- [Try it] Retype word for word the first line of the listing and each line after it up to the line with "Vendesi n.2 amplificatori", with the pictures taken out.

- [Record extracts]
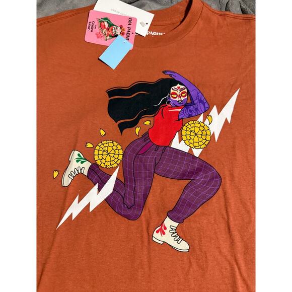 NWT Dia Pacheco x Golden Hour Urban Outfitters Crew Neck Shirt Burnt Dark Orange 100% Cotton Comfortable Soft Short Sleeve Causal Streetwear Bright Fun Spanish Graphic Trendy Indie Playful Bohemian Graffiti
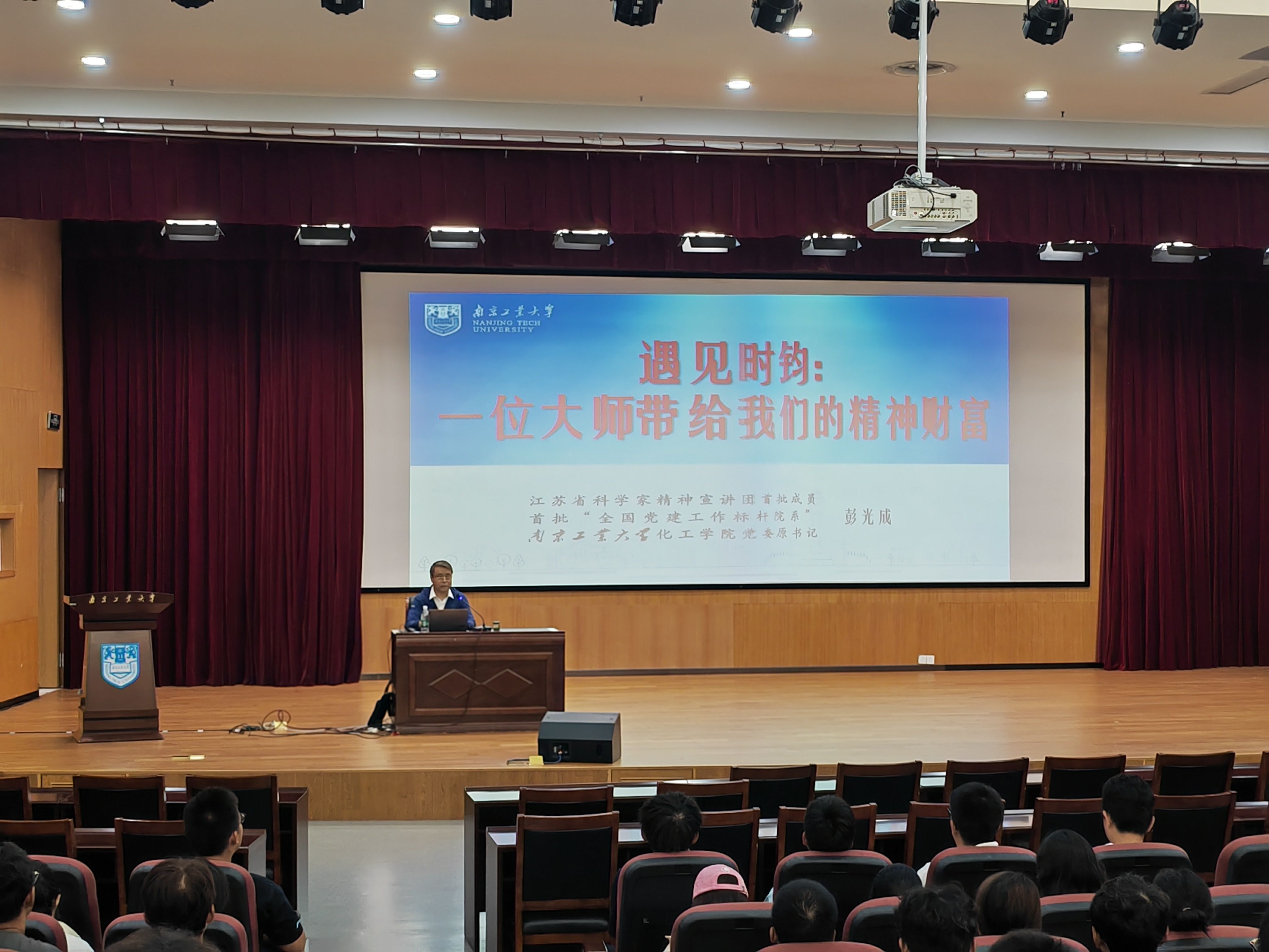 彭光成老师从时钧先生的求学生涯引入,讲述了时钧精神的内容和深刻内涵,并聚焦时钧先生忠党爱国,从先生两次人生重大抉择入手,讲述了他在不同历史时期为国家和民族作出的重要贡献,并对现场2025级新生提出要厚植家国情怀、养成良好品德、积极主动学习、争做时钧精神的传承者四点希望。报告会现场气氛热烈,同学们纷纷表示要深刻领会时钧精神的内涵,并以时钧精神为引领,努力学习专业知识,为化工行业和社会发展贡献属于“南工大化工人”的力量。
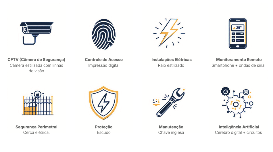 - Sistema de ícones de apoio (CFTV, controle de acesso, monitoramento remoto, IA, etc.)
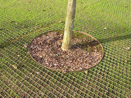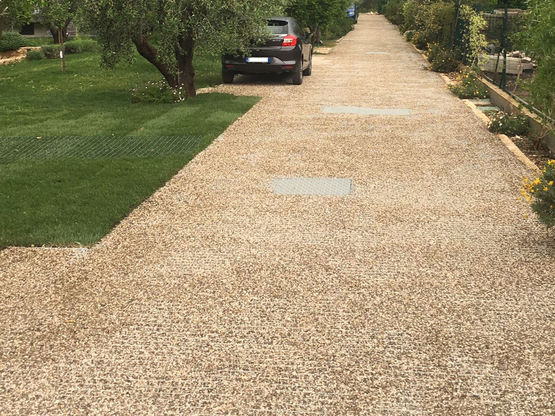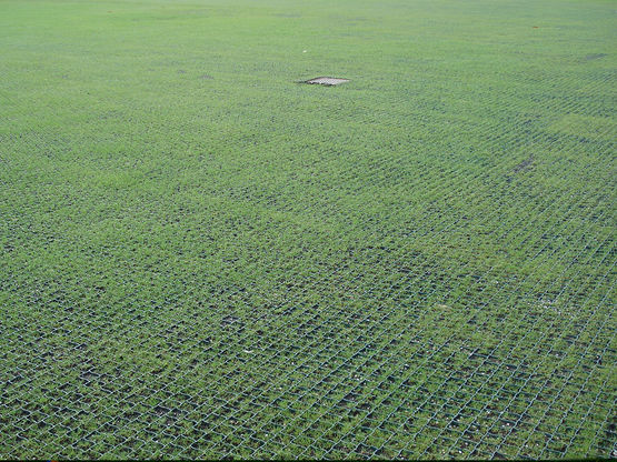 Le principe consiste à armer la superficie naturelle du terrain avec des grilles à structures cellulaires très solides dans lesquelles les mottes de gazon restant au-dessous des parois verticales du dallage de quelques mm sont protégées de l’écrasement.
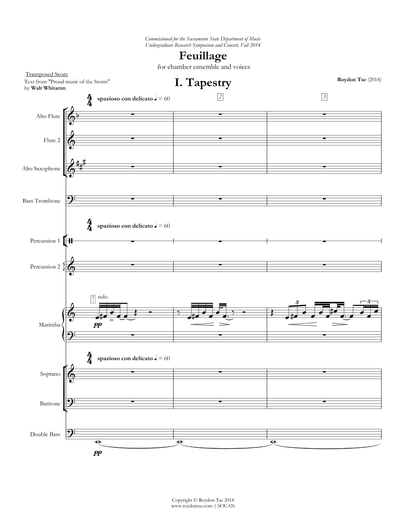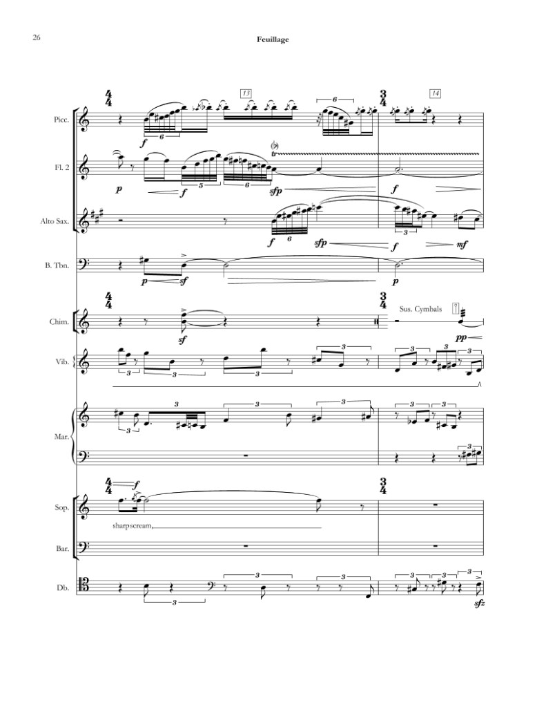 Feuillage is a triptych for mixed chamber ensemble that takes inspiration from nature. Written for the California State University Faculty of Music in Sacramento, the work is in three movements, with the second movement based on a snippet from Walt Whitman’s “Proud Music of the Storm” scored for soprano, baritone, and ensemble.
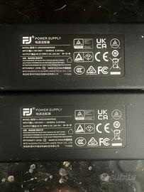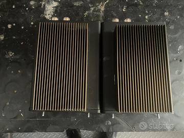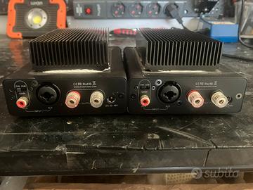 Vendesi n.2 amplificatori della FOSI AUDIO modello V3, con rispettivi alimentatori da 48 volt 5A Channel : 1.0 Amplifier Chip : Texas Instruments TPA3255 Input : RCA, XLR, ¼" TRS Output : Speaker Output (supports banana plug or bare wire connection) SINAD : XLR: 101dB ; RCA: 93dB SNR : ≥123dB Dynamic Range : ≥123dB THD : <0.006% Gain : XLR/¼” TRS: 20dB ; RCA: 19dB, 25dB; Terminal Impedance : 2-8Ω Rated Power Output : 48V/5A--240W@4Ω ; 32V/5A --100W@4Ω Frequency Response : 10Hz-30kHz(±0.06dB) Input Voltage Range : DC 32-48V Standard PSU : 48V/5A
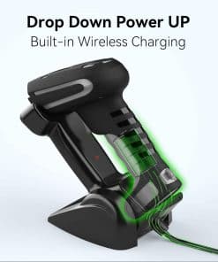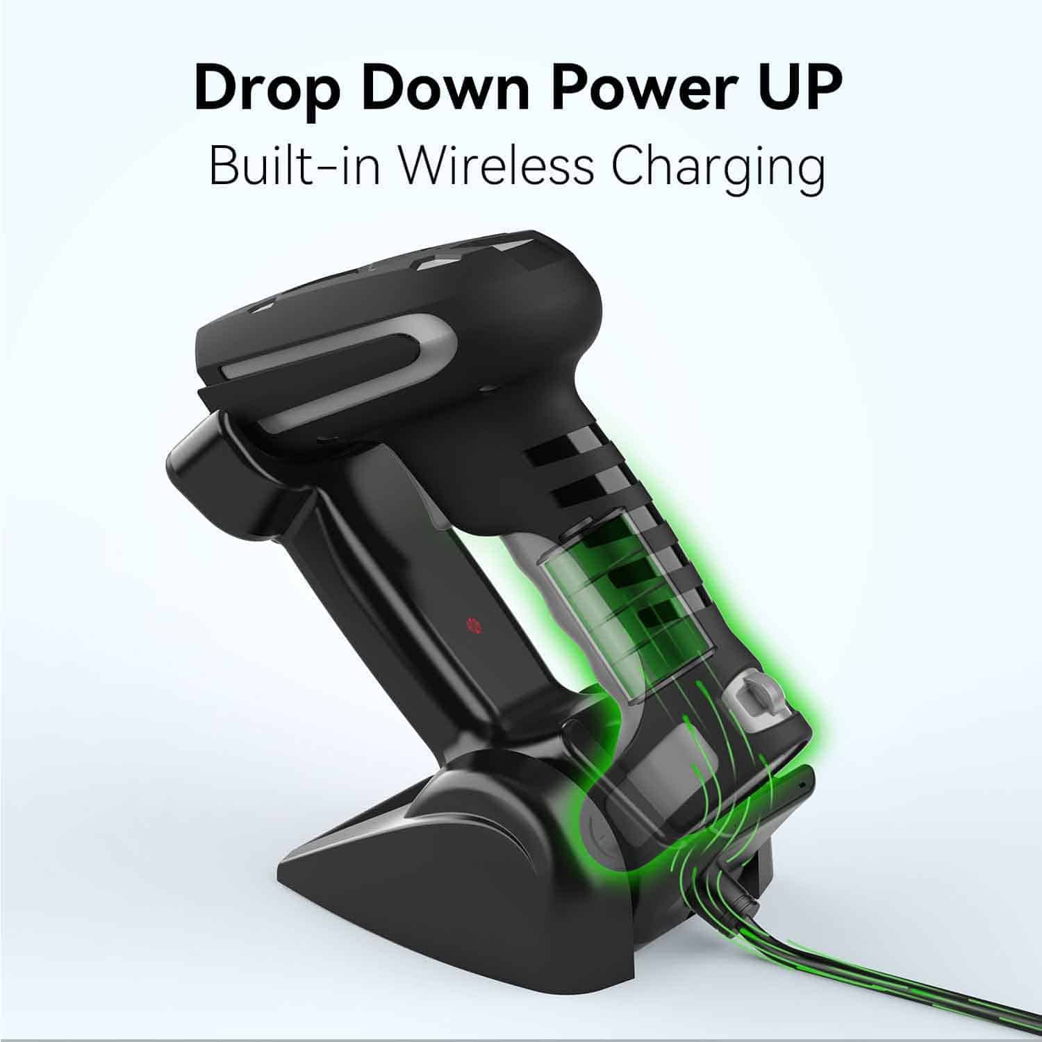 2. Carga Inalámbrica Sin Interrupciones La carga inalámbrica de Alacrity simplifica el proceso al eliminar la necesidad de cables o conexiones físicas. Simplemente coloca el escáner de códigos de barras en su base de carga para recargarlo sin esfuerzo. Este método rápido y conveniente asegura un flujo de trabajo ininterrumpido, aumentando la productividad general.

- [Response]
 NWT Dia Pacheco x Golden Hour Urban Outfitters Crew Neck Shirt Burnt Dark Orange 100% Cotton Comfortable Soft Short Sleeve Causal Streetwear Bright Fun Spanish Graphic Trendy Indie Playful Bohemian Graffiti
 彭光成老师从时钧先生的求学生涯引入,讲述了时钧精神的内容和深刻内涵,并聚焦时钧先生忠党爱国,从先生两次人生重大抉择入手,讲述了他在不同历史时期为国家和民族作出的重要贡献,并对现场2025级新生提出要厚植家国情怀、养成良好品德、积极主动学习、争做时钧精神的传承者四点希望。报告会现场气氛热烈,同学们纷纷表示要深刻领会时钧精神的内涵,并以时钧精神为引领,努力学习专业知识,为化工行业和社会发展贡献属于“南工大化工人”的力量。
 - Sistema de ícones de apoio (CFTV, controle de acesso, monitoramento remoto, IA, etc.)
 Le principe consiste à armer la superficie naturelle du terrain avec des grilles à structures cellulaires très solides dans lesquelles les mottes de gazon restant au-dessous des parois verticales du dallage de quelques mm sont protégées de l’écrasement.
 Feuillage is a triptych for mixed chamber ensemble that takes inspiration from nature. Written for the California State University Faculty of Music in Sacramento, the work is in three movements, with the second movement based on a snippet from Walt Whitman’s “Proud Music of the Storm” scored for soprano, baritone, and ensemble.
 Vendesi n.2 amplificatori della FOSI AUDIO modello V3, con rispettivi alimentatori da 48 volt 5A Channel : 1.0 Amplifier Chip : Texas Instruments TPA3255 Input : RCA, XLR, ¼" TRS Output : Speaker Output (supports banana plug or bare wire connection) SINAD : XLR: 101dB ; RCA: 93dB SNR : ≥123dB Dynamic Range : ≥123dB THD : <0.006% Gain : XLR/¼” TRS: 20dB ; RCA: 19dB, 25dB; Terminal Impedance : 2-8Ω Rated Power Output : 48V/5A--240W@4Ω ; 32V/5A --100W@4Ω Frequency Response : 10Hz-30kHz(±0.06dB) Input Voltage Range : DC 32-48V Standard PSU : 48V/5A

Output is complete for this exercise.